Stefan Fatsis, author of Word Freak: Heartbreak, Triumph, Genius, and Obsession in the World of Competitive Scrabble Players
"Football isn't the only thing happening underneath those Friday night lights. American Band leads us through the championship season of Elkhart, Indianas Marching Minutemen. But most importantly, author Kristen Laine shows that in the heart of the heart of the country, so- called quaint notions like community and personal excellence are alive and kicking."
Cathy Day, author of The Circus in Winter
"Through the graceful narration of Kristen Laine, a season of a high school band becomes the provocative story of young men and women grappling with issues of friendships, ambition, and spirituality. American Band transports us to the real America that so many journalists simply fly over. It makes us care us care deeply about the parents, kids and teachers who come together to create a sense of community in these fast-changing times."

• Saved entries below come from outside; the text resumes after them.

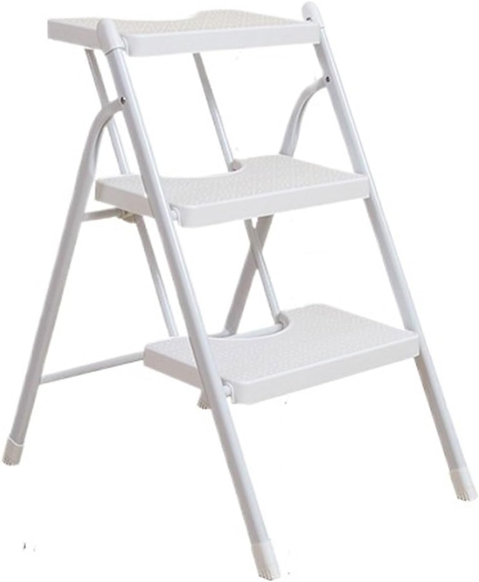 Step stools are especially suitable for small apartments. No need to search for or carry tall ladders; lightweight step stools are portable and readily available, solving the pain point of temporary climbing needs.Material: MetalColor: White, BlackSize:Step 2:Unfold: Top 35.5 * 21.5cm; Bottom 44 * 41cm; Height 50.5cmBefore unfolding: 71 * 7cmStep 3:Unfold: Top 35.5 * 21.5cm; Bottom 57.5 * 41cm; Height 68cmBefore unfolding: 91 * 7cmSpecifications: 2 steps, 3 stepsPackaging: 1 * Ladder stoolProduct InformationThis heavy-duty Folding Staircase Stool combines ladder and stool functionality, ideal for use in kitchens, libraries, balconies, gardens, and more. It features a widened anti-slip tread and reinforced steel frame for maximum safety and durability. The glossy rust-proof surface is easy to clean, while anti-slip foot pads protect floors. Experience all-day comfort and stability with ultra-wide steps\u2014perfect for home or office tasks.Step stools can be used to wipe windows, light fixtures, air conditioners, and clean hard-to-reach areas such as the top of cabinets. They can also serve as temporary shoe-changing stools, bathroom step stools, bar stools, or children's seats.
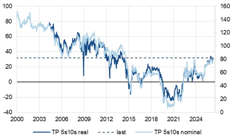 德银指出受地缘政治及欧元区战略自主需求推动,资本开支增加导致欧元实际期限溢价面临上行风险,目前已升至 2012-2013 年水平,中期或进一步走阔。
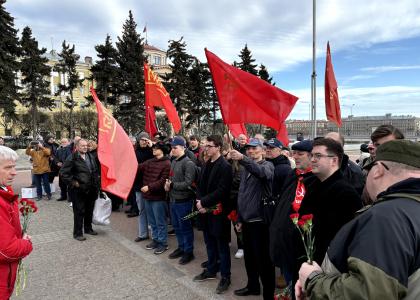 22 апреля, в день рождения великого революционера и основателя Советского Союза В.И. Ленина у самого известного в мире памятника Ильичу перед Финляндским вокзалом собрались десятки людей с красными флагами. Собрались не только с привычными полотнищами государственного флага Союза, но и с флагами РСФСР. Это встреча с депутатами Законодательного Собрания Санкт-Петербурга от КПРФ – первым секретарем Санкт-Петербургского горкома, членом Президиума ЦК КПРФ Романом Кононенко и секретарем горкома, членом ЦКРК партии Вячеславом Бороденчиком. Парламентарии говорили о не просто всероссийском, а всемирном значении действий Ленина, о том, как его опыт влияет на нас и по сей день. От имени красной партийной молодежи добавила свое слово комсомолка Арина Бегун, которая заявила: «Ленин жил, жив, будет жить!».

David L. Marcus, author of What It Takes to Pull Me Through: Why Teenagers Get in Trouble, and How Four of Them Got Out
"American Band is a compelling story of young people finding their voices, their callings, and their rhythm. In Kristen Laine's hands, the unfolding highs and lows of a group of high school musicians becomes an unlikely but utterly convincing venue for relating universal experiences: learning to love, learning from loss, struggling with faith.... In other words, growing up. With remarkable empathy and skillful prose, Laine not only grants access to the lives of the teenagers whose stories she so poignantly tells, she actually makes the reader nostalgic for high school, for that time when we dreamed big dreams and loved our friends as if the music of life depended on them. Best of all, while American Band will surely be relished by those who have glide- stepped to Take the A Train, it invites even those of us who wouldn't know a piccolo from a pipe organ to take the field and march along."
Peter Manseau, author of Vows: The Story of a Priest, a Nun, and Their Son
A triumph! American Band is an incisive portrait of life and coming of age in our heartland - a place so many of us feel free to ridicule and analyze, but so rarely take the time to truly comprehend. Kristen Laine pushes right through the stereotypes about red states, evangelicals, and the nature of life in the middle of our nation. American Band, is, in one sense, a well-paced page-turner in the great tradition of competition narratives. But it is also much more. Kristen Laine has blessed us with a deeply serious, life-affirming book whose quiet insight and wisdom will stay with the reader many years after those pages have been turned
Susan Eaton, author of The Children in Room E-4
In the spirit of "Friday Night Lights," Laine presents the stirring story of a marching band from small-town middle America in this snapshot of a heartland community and its triumphs, disappointment, and drama.
About the Author
Thirty years after she marched in an Indiana high school band, Kristen Laine returned to the state, moving her family from New Hampshire to Elkhart to immerse herself in the story of the Concord High School Marching Minutemen. She is an award-winning journalist whose commentaries can be heard on Vermont Public Radio.